В эпоху ЦОКСа надорвалось здоровье Бориса Свешникова, второго режиссера на «Иване Грозном». Помню его по другим картинам – энергичного, интеллигентного, скромного.
Зритель вторых режиссеров не знает, критики пишут про постановщиков. Второй режиссер обязан быть талантливым и незаметным. На его плечи ложится нелегкий труд подготовки съемок.
Эйзенштейн доверял Борису безгранично. Товарищи его любили, подчинялись, называли гениальным организатором.
Имя Бориса Свешникова должно занять место в замечательном списке эйзенштейновской гвардии, рядом с «потемкинской» железной пятеркой.
Это воспоминание – не упрек кинематографу в забывчивости. Преклоняюсь перед безвинными соратниками великих художников, теми, чьи имена зритель читает в титрах не запоминая. ЦОКС не разбился, он остался в истории кино уроком самоотверженности.
Пушкин в стихотворении о творчестве говорит:
«Знакомцы давние, плоды мечты моей…»Пятна замыслов, стенографические записи впечатлений, неясные даже творцу, они оживают, становятся матросами на созданном волей художника корабле, и трогается громада, и спрашивает художник сам себя о пути:
«Но чу! – матросы вдруг кидаются, ползут Вверх, вниз – и паруса надулись, ветра полны, Громада двинулась и рассекает волны… … Плывет. Куда ж нам плыть?..»В кино «матросы» – люди, живые люди, по-новому увиденные, превращенные.
Хаос человеческих существований, смесь генетических свойств раскладываются, как бы расписываются на карточки.
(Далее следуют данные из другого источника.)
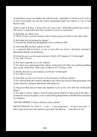 A So it showed that Mr Cordell could drive any vehicle he owned or had possession of for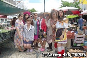 Quem passou pela praça na manhã de  25 de Maio não sabia que iria conhecer melhor as pessoas que vendem na Praça da Fruta.  Vestidas com cores garridas, a simular que eram também vendedeiras, estavam alunas da ETEO que realizaram um trabalho teatral dedicado em exclusivo àquele lugar simbólico das Caldas.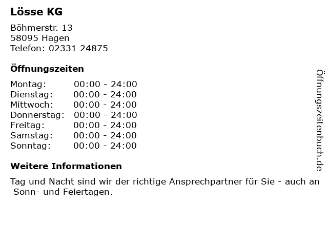 | Öffnungszeiten Lösse KG in Hagen anzeigen | |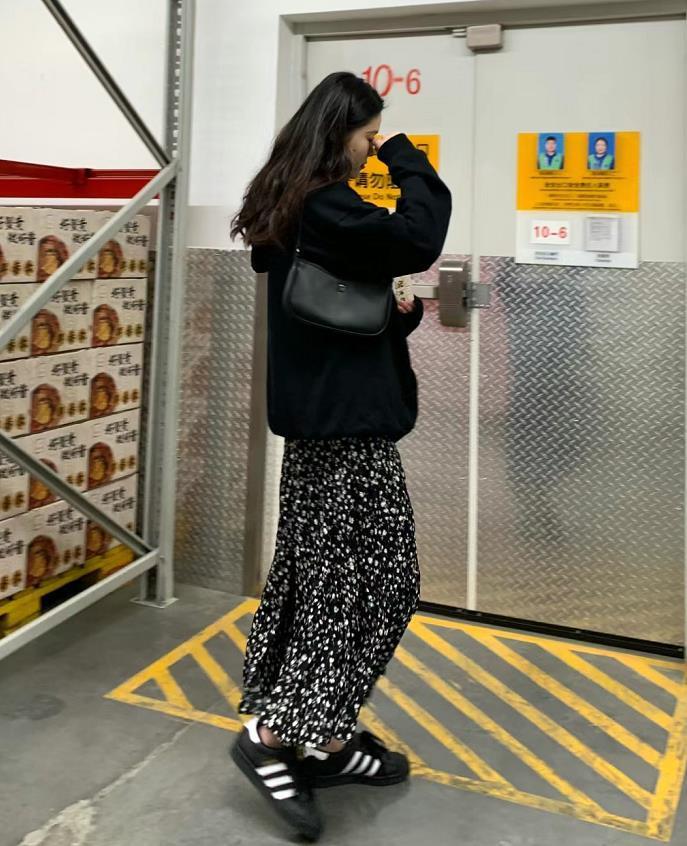 春天,真的是一個浪漫的季節啊,溫度回升後,裙子也可以肆意穿起來,充滿小清新的碎花裙,與黑色衛衣相配,一簡一繁,顯層次又時髦。

Так искала для Эйзенштейна Валя Кузнецова в многолюдной Алма-Ате бояр, татар, стрельцов, рыцарей, послов из Ливонии.
Находила их, как обломки выкинутой посуды. Режиссер узнавал людей, видел в них давних знакомцев и домышлял их, соединяя в ряды, изобретая нечто новое.
Так создаются картины.
Помню похожее на бедную оранжерею ателье Первой кинофабрики на Житной, зеркальные стены бывшего Яра, превращенного в съемочное ателье «Межрабпома», огромные ателье Потылихи, в которых дирижабль мог бы заблудиться. Переломанные коридоры Потылихи и согнутые коридоры Студии имени Горького.
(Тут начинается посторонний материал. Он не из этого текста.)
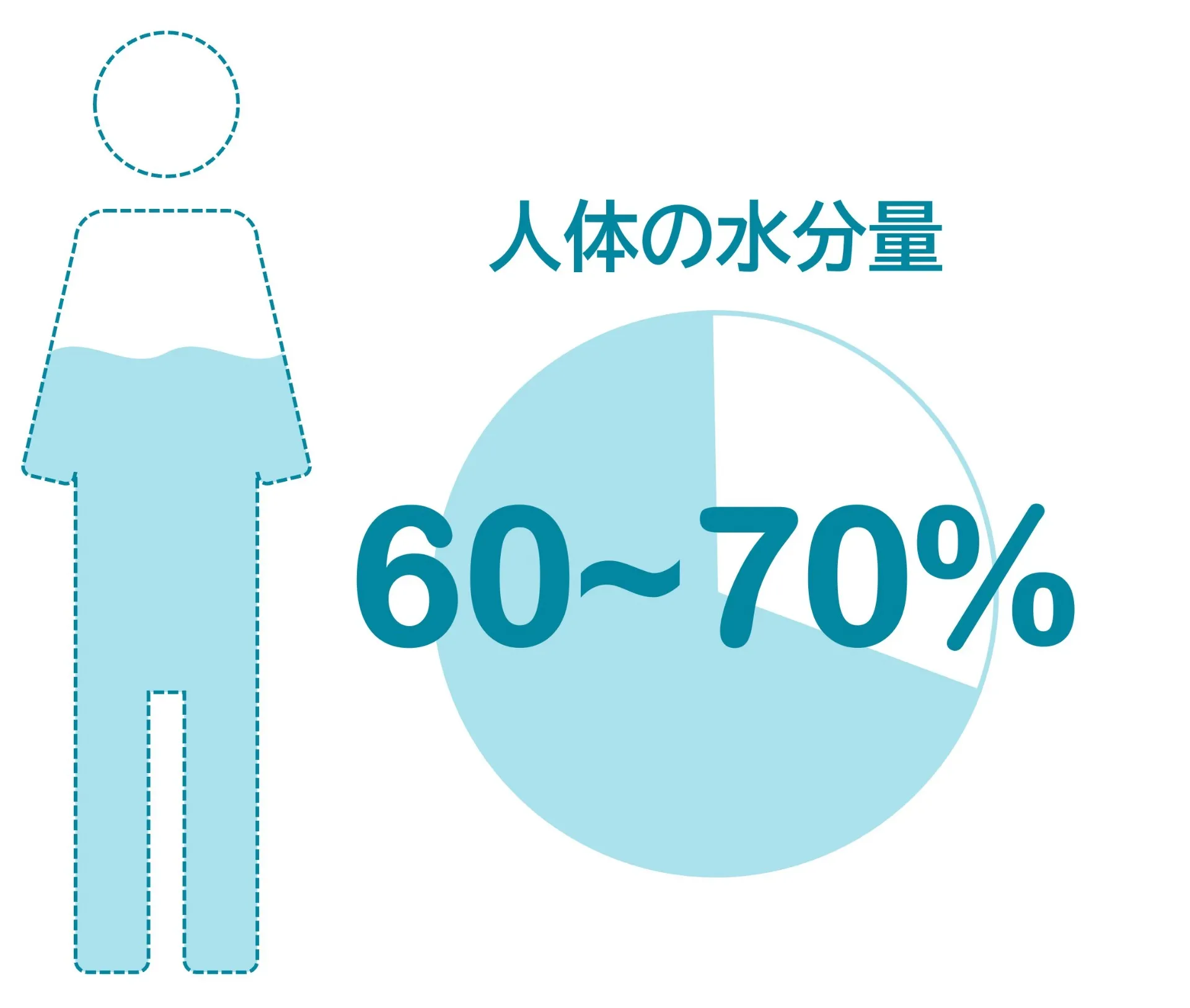 水は体の約60%を占め、体温調節、代謝、老廃物の排出、栄養素の運搬など、

В кинематографию легко войти, но трудно выйти; она изменяется сама.
Смены в искусстве мучительны.
Но в кино цветет настоящая дружба.
Люди растут, как в лесу растут, подгоняя друг друга ростом, деревья.
Так рос Эйзенштейн с Александровым, с железной пятеркой, с великим конгениальным с ним композитором Прокофьевым, с актерами.
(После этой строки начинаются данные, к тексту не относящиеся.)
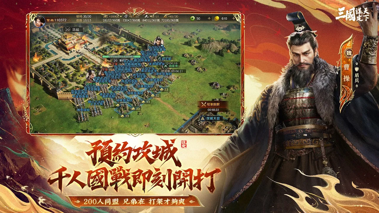 三國戰場大革新!在這個真實磅礴的三國世界中,千百場戰役正在各處角落發生。你可以加入200人的同盟,跟兄弟們一起,運籌帷幄、排兵佈陣、操控投石車與衝車等古代攻城器械,計算出最佳的進攻路線、撕裂敵陣防線,一路血戰奪城!我們還為日理萬機的主公們準備了「一鍵預約攻城」功能,從此不再錯過每一場精彩的戰役!

А. Москвин как будто всю жизнь ждал Эйзенштейна.
Они вместе ткали ткань ленты «Иван Грозный».
Когда умер Эйзенштейн, приехал из Ленинграда Москвин. Оператор молча стоял у широкой кровати, на которой между масками и деревянными апостолами спокойно, закинув знакомое лицо и не драматично лежало тело в знакомом костюме.
Москвин молчал долго, потом заговорил тихо:
– Я попрошу подарить мне одну вещь.
– Бери любую, – сказала Аташева.
– Подари мне шапку Сергея Михайловича – черную, ватную.
Он ушел с этой шапкой; завещал положить шапку к себе в гроб.
Съемочное ателье – место необычайных, самим себе не признающихся в силе привязанностей.
Когда Эйзенштейн умер, жизнь обеднела.
Умер и А. Москвин.
Много людей кино легло на кладбищах.
Но искусство кинематографии не цокнулось.